Sentiment Analysis on tweets with LSTM for Beginners

Shri Varsheni R 15 Dec, 2021 • 9 min read

 This article was published as a part of the Data Science Blogathon

Introduction

In today’s digital world, social media platforms like Facebook, Whatsapp, Twitter have become a part of our everyday schedule. Many NLP techniques can be used on the text data available from Twitter. Sentiment analysis refers to the idea of predicting the sentiment ( happy, sad, neutral) from a particular text. In this blog, I will be performing sentiment analysis on a large real-world dataset by applying techniques of NLP(Natural Language Processing).

I am taking my data from the “Sentiment140” dataset available in Kaggle. It has around 1.6 million tweets that have been extracted. You can access the dataset here: dataset. The annotations or labels for the tweets are as follows:

  • 0 = negative

  • 4 = positive

Data for Sentiment Analysis

Let us start by importing libraries and reading the data from csv files.

import pandas as pd
df = pd.read_csv('../input/sentiment140/training.csv',header=None)
df.head(8)

Data | Sentiment Analysis

                                                                                             Source: Kaggle notebook of Author

The first column is the target column, which will denote the sentiment of the tweets (0/2/4). The next column is the ID for each tweet, and it is a unique number. After that, we have the date and timestamp of when the tweet was released. Next, we have the username of the author of the tweet. In the end, we have the text of the tweet. You can notice that the columns and renamed accordingly.

df.columns = [‘sentiment’, ‘id’, ‘date’, ‘query’, ‘user_name’, ‘tweet’]

In this blog, the focus is on classifying the sentiment of the text. Hence, we can drop the unnecessary columns as shown below.

df = df.drop(['id', 'date', 'query', 'user_name'], axis=1)
df.head()

Sentiment Analysis Data

Let us map the sentiment values to positive, negative. 0 is mapped to negative, and four is mapped to positive. We create a small function `mapper()` to perform this mapping. This function can be used on all the dataset rows using the “apply()” function.  Look at the code snippet below.

label_to_sentiment = {0:"Negative", 4:"Positive"}
def mapper(label):
     return label_to_sentiment[label]
df.sentiment = df.sentiment.apply(lambda x: label_decoder(x))

Class balance is an important criterion when we are working on classification problems.

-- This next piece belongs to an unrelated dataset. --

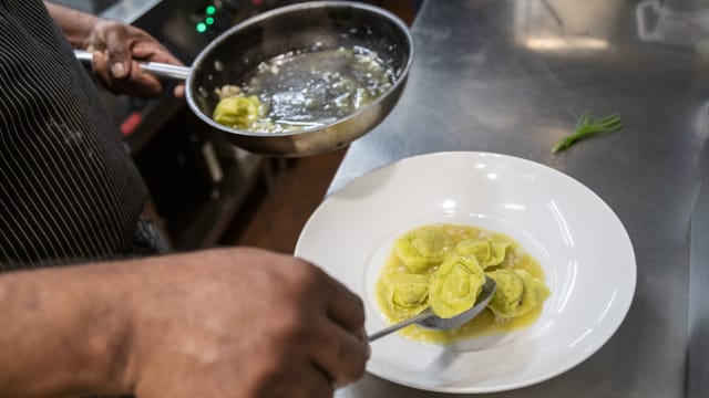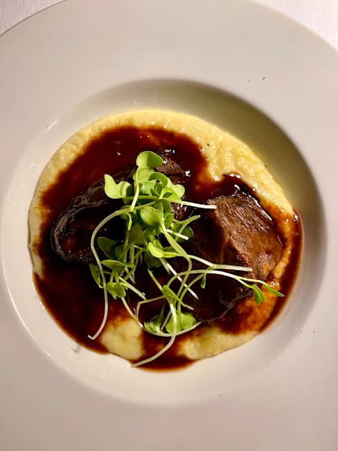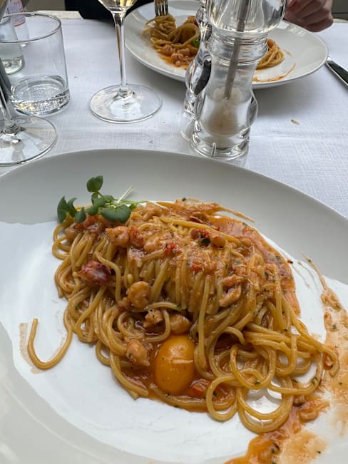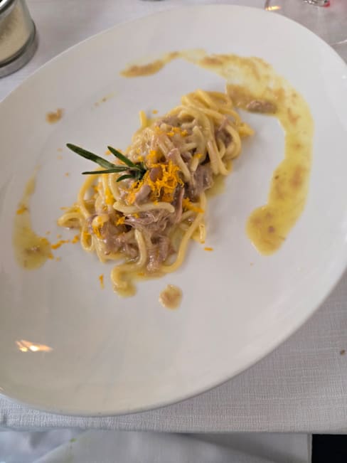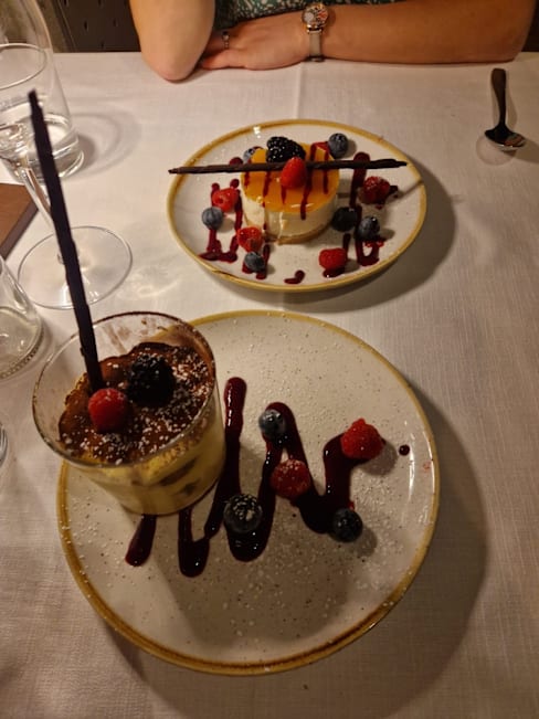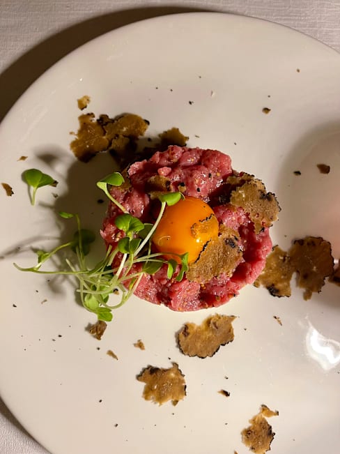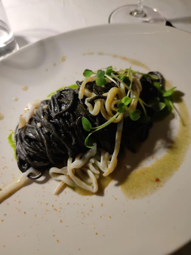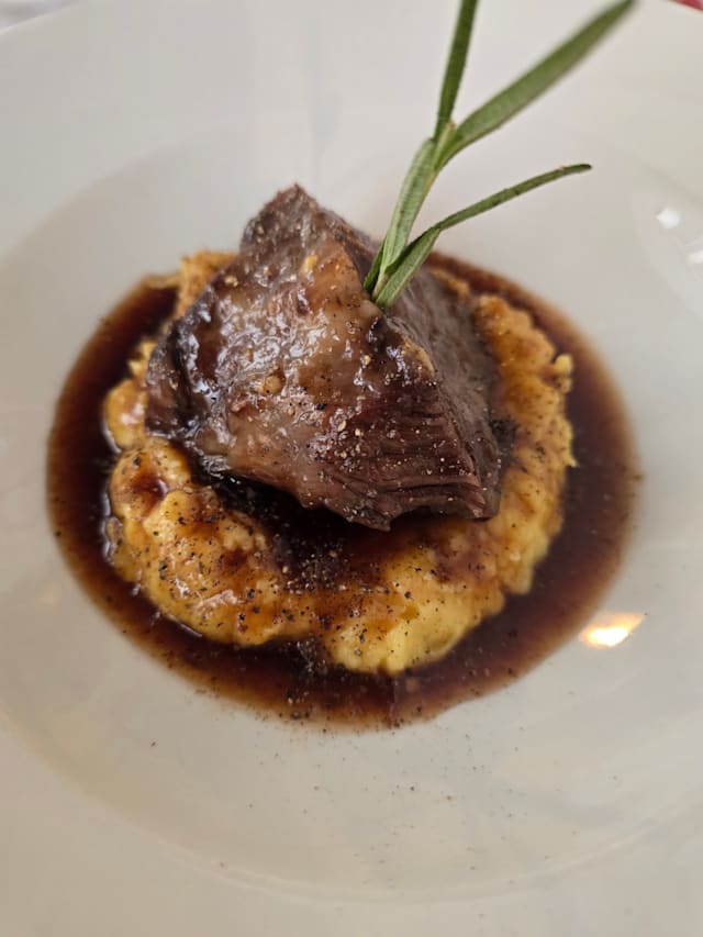 9/10+1I came here for my niece’s birthday celebration dinner. We each had a pasta primi (Tagliatelle di Pasta Fresca al Tartufo Nero e Porcini and Tagliolini di Pasta Fresca al Nero di Seppia con Calamari e Bottarga di Tonno) which was delicious. The pasta was well cooked and the flavours delicately balanced. This was followed by a main course of Guancia di Manzo al Vino Amarone su crema di Patate (quite heavy but extremely tender) and the tartare with truffle (rich and delicious). We had ordered glasses of wine which arrived promptly. We shared a dessert of La nostra Sbrisolona con Crema pasticcera e Grappa di Amarone. The portions were generous and the food was all well cooked and presented. The slight disappointment was the service which was functional but not as warm as expected. No one really checked in on how our meal was going and apart from taking away our dishes and bringing the next one in, we had very little contact or conversation with the wait staff. The ambience in the restaurant was lovely. Tables were at a good distance apart so we were able to talk without feeling like people were listening in. All in all, it was a lovely place to have a meal and I’d recommend heading here if you’d like quality food in a nice setting.
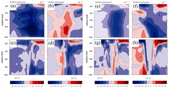 The cross-sections indicate that the TC intensification was greater with a 48-h lead time compared to that of a 24 h lead time, as shown in Figure 6. At a 24 h lead time, Hurricane Dennis was under development and grew slightly by a 48-h lead time (Figure 8a–d). Hurricane Katrina has already developed and extended to full altitudes between 24 h and 48 h (Figure 8e–h). The cross-section of the equivalent potential temperature and radial winds in the 48-h forecast field revealed weakened subsidence (Figure 9d) and a decrease in the inward flows (Figure 10d), respectively. This was conducted as vortices in the lower layer decreased due to increased roughness and decreased moisture in the lower layer (Figure 8d). The latent heat decreased as Hurricane Dennis approached Cuba (Figure 6). Lower boundary forcing had a greater effect on the TC intensity than the initial and lateral boundary forcing. Conversely, Hurricane Katrina grew stronger and the vortex at its center strengthened, while the warm core became more pronounced. The forecast shows reasonable accuracy in terms of TC track and intensity (Figure 6).

It is essential to ensure that the classes are not very skewed, and the class imbalance will lead to biased results. Let us look at the distribution.

distribution = df.sentiment.value_counts()
plt.figure(figsize=(8,4))
plt.bar(distribution.index, distribution.values)

 Source: Kaggle notebook of Author

Lucky for us, the data is not skewed much. Let’s move to an essential part of any NLP task: Text pre-processing.

Text for Sentiment Analysis Pre-processing

There is a lot of noise in the raw text data scrapped from the tweets. The two critical parts of text cleaning for sentiment analysis include: stop word removal and stemming.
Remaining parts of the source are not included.